林天佑見她那副財迷的樣兒,不禁覺得她十分可愛,伸手摟住她的香肩,嘴角含笑道:“錢的事情你不用操心,過幾天我就能賺一筆錢,你和婉兒商量一下,找一個商鋪房,要選好地方,不要再鬧市區,我喜歡清靜。”
“嗯,明天我們休假,到時候一準找一個好鋪面。”陳曉芸見他摟著自己,雖然心裡有些不悅,但為了賺錢,這點損失不算什麽。
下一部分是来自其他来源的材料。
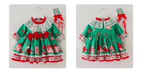 - Christmas Dress, Princess Skirt, Frilled Neckine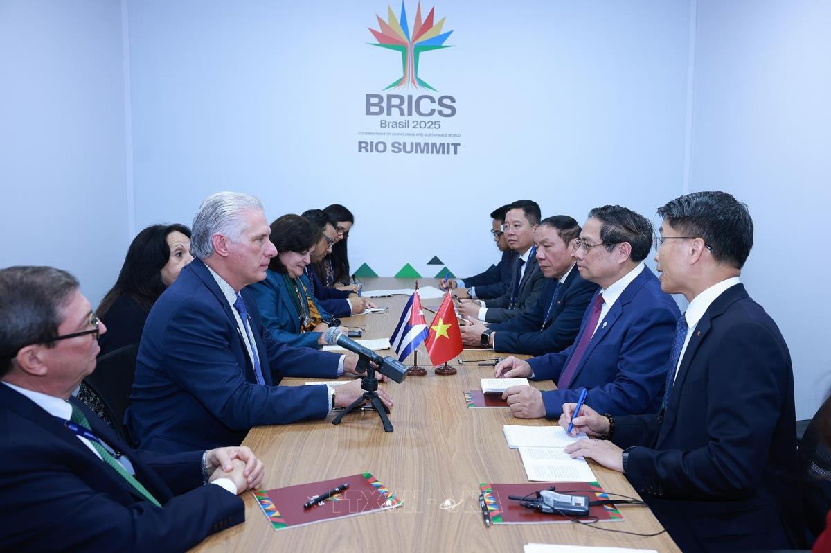 Hà Nội (TTXVN 7/7/2025) Theo đặc phái viên TTXVN, trong khuôn khổ dự Hội nghị Thượng đỉnh BRICS mở rộng tại thành phố Rio de Janeiro của Brazil, chiều 6/7 theo giờ địa phương, Thủ tướng Chính phủ Phạm Minh Chính đã hội kiến Bí thư thứ nhất, Chủ tịch nước Cuba Miguel Diaz Canel.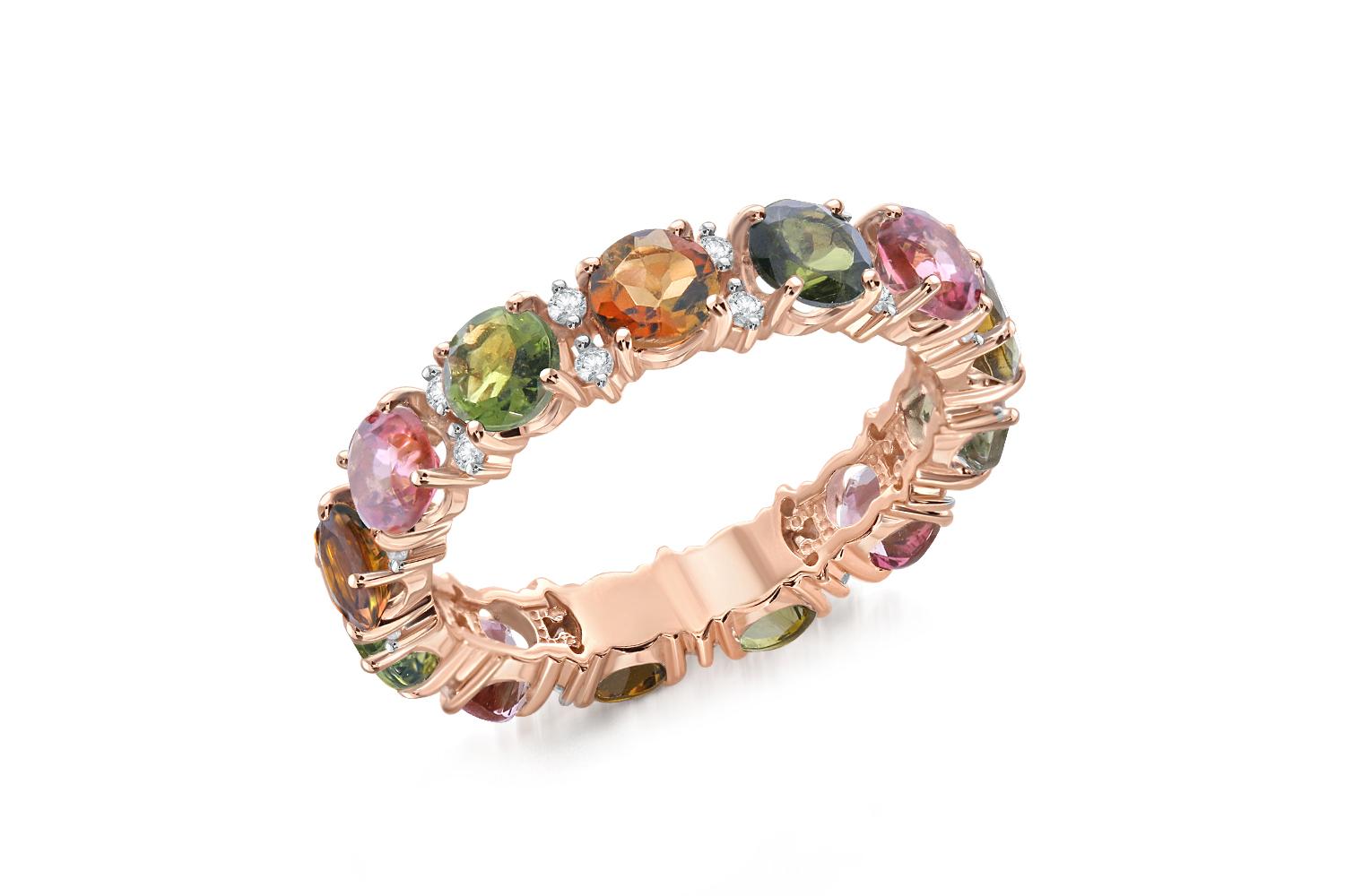 Закажите Кольцо Дорожка из красного золота с 13 турмалинами и 26 фианитами с получением в Москве через курьерскую службу доставки напрямую с нашего производственного склада завода NEWGOLD!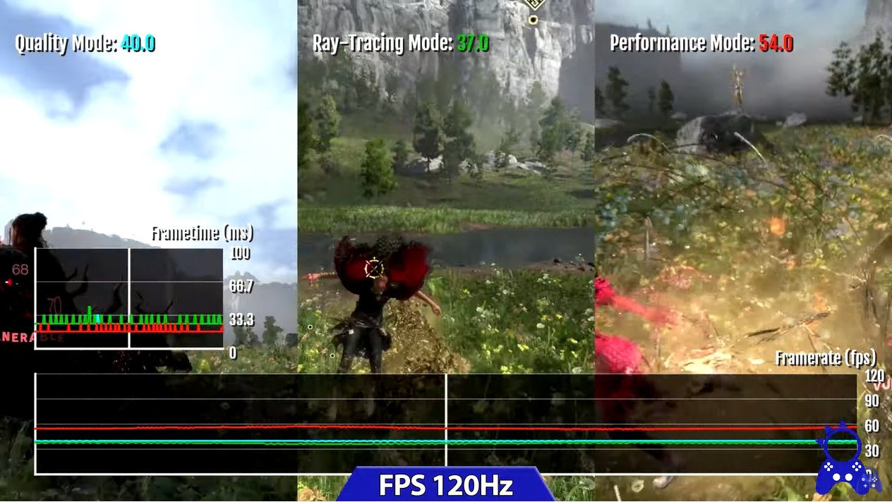 - 遊戲支持120Hz,但是該模式下的最大分辨率限制爲1440p。光線追蹤和質量模式在120hz時只有40fps,而性能模式保持在60fps左右。

他們兩人正聊得起勁,楊樂樂和劉婉兒回來了。林天佑緩慢的松開陳曉芸,笑著對劉婉兒說道:“這麽晚了還出去買東西?”
“哎呀,累死我了。家裡什麽都沒有了。對了,我還給你買了衣服,雖然我喜歡看你穿道袍的樣子,可是有些場合還是要注意的。”劉婉兒拿著一套西裝來到林天佑面前,鼓著腮幫子,撅著小嘴,道:“不能拒絕。”
“我沒有拒絕啊。我現在就穿給你看。”林天佑不想傷了她的心,於是脫去道袍,穿上西裝。
還別說,穿上西裝後的林天佑顯得格外紳士。少幾盛氣凌人的傲氣,多了幾分柔情。尤其是現在,他看劉婉兒的眼神,蘊滿了絲絲情意。
劉婉兒竟有些不好意思,不敢面對林天佑的蘊滿情意的眼神,羞紅的臉蛋兒滾燙,低首弄衣,渾身不自在。